INFORMATION SHOWN:
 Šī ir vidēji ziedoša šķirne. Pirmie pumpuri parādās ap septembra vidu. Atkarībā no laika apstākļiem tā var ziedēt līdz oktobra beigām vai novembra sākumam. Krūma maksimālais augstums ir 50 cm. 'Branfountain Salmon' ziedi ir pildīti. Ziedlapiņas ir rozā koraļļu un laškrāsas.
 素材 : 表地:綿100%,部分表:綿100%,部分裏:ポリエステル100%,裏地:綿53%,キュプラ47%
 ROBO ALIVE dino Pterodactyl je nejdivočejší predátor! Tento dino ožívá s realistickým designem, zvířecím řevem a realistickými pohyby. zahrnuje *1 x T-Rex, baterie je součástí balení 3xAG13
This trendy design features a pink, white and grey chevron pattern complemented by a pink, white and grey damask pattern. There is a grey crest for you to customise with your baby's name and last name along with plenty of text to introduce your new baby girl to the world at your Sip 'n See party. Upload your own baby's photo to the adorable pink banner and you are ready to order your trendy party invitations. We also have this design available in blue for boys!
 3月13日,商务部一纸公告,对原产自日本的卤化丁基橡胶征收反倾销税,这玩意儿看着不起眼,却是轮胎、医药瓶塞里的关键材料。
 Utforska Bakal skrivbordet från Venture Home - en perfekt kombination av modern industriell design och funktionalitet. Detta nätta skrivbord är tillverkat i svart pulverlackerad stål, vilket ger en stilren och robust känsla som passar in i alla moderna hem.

---

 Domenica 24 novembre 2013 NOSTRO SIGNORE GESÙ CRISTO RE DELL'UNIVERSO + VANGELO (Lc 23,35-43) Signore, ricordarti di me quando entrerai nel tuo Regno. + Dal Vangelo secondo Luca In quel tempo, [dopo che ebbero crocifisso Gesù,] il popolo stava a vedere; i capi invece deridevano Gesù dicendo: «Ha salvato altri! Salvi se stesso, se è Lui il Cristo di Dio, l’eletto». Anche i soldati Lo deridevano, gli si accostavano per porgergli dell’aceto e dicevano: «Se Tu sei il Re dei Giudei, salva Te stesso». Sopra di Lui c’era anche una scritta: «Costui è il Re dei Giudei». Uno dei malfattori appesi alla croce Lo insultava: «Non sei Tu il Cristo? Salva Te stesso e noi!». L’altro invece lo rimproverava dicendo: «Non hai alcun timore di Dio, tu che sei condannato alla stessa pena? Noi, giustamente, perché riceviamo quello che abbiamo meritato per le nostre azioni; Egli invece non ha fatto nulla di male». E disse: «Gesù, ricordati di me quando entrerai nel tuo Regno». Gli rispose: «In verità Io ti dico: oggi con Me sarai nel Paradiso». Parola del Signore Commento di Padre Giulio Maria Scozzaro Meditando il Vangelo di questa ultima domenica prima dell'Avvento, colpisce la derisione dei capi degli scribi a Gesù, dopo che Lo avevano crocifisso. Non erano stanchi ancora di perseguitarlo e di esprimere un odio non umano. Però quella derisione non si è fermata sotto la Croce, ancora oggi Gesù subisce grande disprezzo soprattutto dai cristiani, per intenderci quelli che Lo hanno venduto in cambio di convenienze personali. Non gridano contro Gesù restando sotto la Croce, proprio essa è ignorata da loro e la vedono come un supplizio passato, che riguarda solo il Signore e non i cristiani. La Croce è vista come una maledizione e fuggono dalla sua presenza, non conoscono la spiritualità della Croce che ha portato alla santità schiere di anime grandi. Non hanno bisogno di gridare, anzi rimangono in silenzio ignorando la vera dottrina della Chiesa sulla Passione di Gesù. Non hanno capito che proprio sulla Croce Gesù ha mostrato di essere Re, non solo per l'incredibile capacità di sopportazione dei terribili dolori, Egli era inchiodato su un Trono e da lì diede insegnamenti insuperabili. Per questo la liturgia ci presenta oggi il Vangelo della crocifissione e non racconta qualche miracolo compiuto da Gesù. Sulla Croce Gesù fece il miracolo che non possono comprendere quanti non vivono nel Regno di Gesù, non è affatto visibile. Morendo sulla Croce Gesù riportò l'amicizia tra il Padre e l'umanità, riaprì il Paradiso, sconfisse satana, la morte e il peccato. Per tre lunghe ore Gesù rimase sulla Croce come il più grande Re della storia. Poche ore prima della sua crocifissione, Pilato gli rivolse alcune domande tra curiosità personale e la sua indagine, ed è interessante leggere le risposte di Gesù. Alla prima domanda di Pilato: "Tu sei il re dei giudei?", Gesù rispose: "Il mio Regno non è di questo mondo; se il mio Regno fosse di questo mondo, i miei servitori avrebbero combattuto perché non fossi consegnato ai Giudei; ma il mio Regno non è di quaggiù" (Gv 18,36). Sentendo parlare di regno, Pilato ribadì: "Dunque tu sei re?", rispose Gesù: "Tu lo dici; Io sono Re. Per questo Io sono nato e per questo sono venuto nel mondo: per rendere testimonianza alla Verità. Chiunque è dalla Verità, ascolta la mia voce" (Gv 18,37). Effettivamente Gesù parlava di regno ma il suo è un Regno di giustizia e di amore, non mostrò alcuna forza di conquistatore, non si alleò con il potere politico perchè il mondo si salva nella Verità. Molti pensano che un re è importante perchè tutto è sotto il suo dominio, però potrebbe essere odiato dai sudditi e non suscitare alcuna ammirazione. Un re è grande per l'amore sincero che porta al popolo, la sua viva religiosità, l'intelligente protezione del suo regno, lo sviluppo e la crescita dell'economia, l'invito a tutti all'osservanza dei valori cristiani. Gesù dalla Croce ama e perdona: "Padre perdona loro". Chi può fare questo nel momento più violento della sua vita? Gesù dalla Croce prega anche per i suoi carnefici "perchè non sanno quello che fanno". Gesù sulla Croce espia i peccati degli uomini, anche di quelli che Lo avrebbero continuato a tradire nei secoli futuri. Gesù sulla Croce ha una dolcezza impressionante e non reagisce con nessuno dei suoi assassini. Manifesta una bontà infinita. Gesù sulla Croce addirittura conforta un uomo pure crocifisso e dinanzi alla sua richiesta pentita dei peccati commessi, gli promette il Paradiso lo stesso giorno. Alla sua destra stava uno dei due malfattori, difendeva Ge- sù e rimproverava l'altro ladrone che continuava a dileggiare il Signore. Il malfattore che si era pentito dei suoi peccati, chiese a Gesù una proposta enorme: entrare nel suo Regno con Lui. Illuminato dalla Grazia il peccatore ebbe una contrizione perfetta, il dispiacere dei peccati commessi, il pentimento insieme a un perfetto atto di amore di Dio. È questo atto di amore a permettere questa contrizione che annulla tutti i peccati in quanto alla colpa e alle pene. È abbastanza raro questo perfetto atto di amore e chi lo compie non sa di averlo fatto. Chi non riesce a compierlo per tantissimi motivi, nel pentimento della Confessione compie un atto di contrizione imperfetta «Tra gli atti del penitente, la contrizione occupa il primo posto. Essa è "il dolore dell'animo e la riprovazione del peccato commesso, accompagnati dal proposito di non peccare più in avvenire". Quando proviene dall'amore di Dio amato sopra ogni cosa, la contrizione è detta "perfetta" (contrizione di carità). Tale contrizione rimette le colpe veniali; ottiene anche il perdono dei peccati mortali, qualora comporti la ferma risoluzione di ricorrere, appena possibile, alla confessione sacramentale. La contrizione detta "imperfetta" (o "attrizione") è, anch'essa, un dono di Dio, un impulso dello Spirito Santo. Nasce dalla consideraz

==

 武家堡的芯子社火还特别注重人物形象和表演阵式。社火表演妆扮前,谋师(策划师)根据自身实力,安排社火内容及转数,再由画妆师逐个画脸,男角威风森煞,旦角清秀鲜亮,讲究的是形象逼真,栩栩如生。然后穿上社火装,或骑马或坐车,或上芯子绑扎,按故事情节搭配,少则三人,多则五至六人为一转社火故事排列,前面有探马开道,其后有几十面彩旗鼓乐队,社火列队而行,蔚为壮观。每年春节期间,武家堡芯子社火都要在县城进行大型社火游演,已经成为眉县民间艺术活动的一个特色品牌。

TASK GOAL: Look above for the line that contains "ROBO ALIVE dino". Starting there, transcribe every line exactly until you have copied the line that contains "Utforska Bakal skrivbordet".

SOLUTION TO THIS PROBLEM:
 ROBO ALIVE dino Pterodactyl je nejdivočejší predátor! Tento dino ožívá s realistickým designem, zvířecím řevem a realistickými pohyby. zahrnuje *1 x T-Rex, baterie je součástí balení 3xAG13
This trendy design features a pink, white and grey chevron pattern complemented by a pink, white and grey damask pattern. There is a grey crest for you to customise with your baby's name and last name along with plenty of text to introduce your new baby girl to the world at your Sip 'n See party. Upload your own baby's photo to the adorable pink banner and you are ready to order your trendy party invitations. We also have this design available in blue for boys!
 3月13日,商务部一纸公告,对原产自日本的卤化丁基橡胶征收反倾销税,这玩意儿看着不起眼,却是轮胎、医药瓶塞里的关键材料。
 Utforska Bakal skrivbordet från Venture Home - en perfekt kombination av modern industriell design och funktionalitet. Detta nätta skrivbord är tillverkat i svart pulverlackerad stål, vilket ger en stilren och robust känsla som passar in i alla moderna hem.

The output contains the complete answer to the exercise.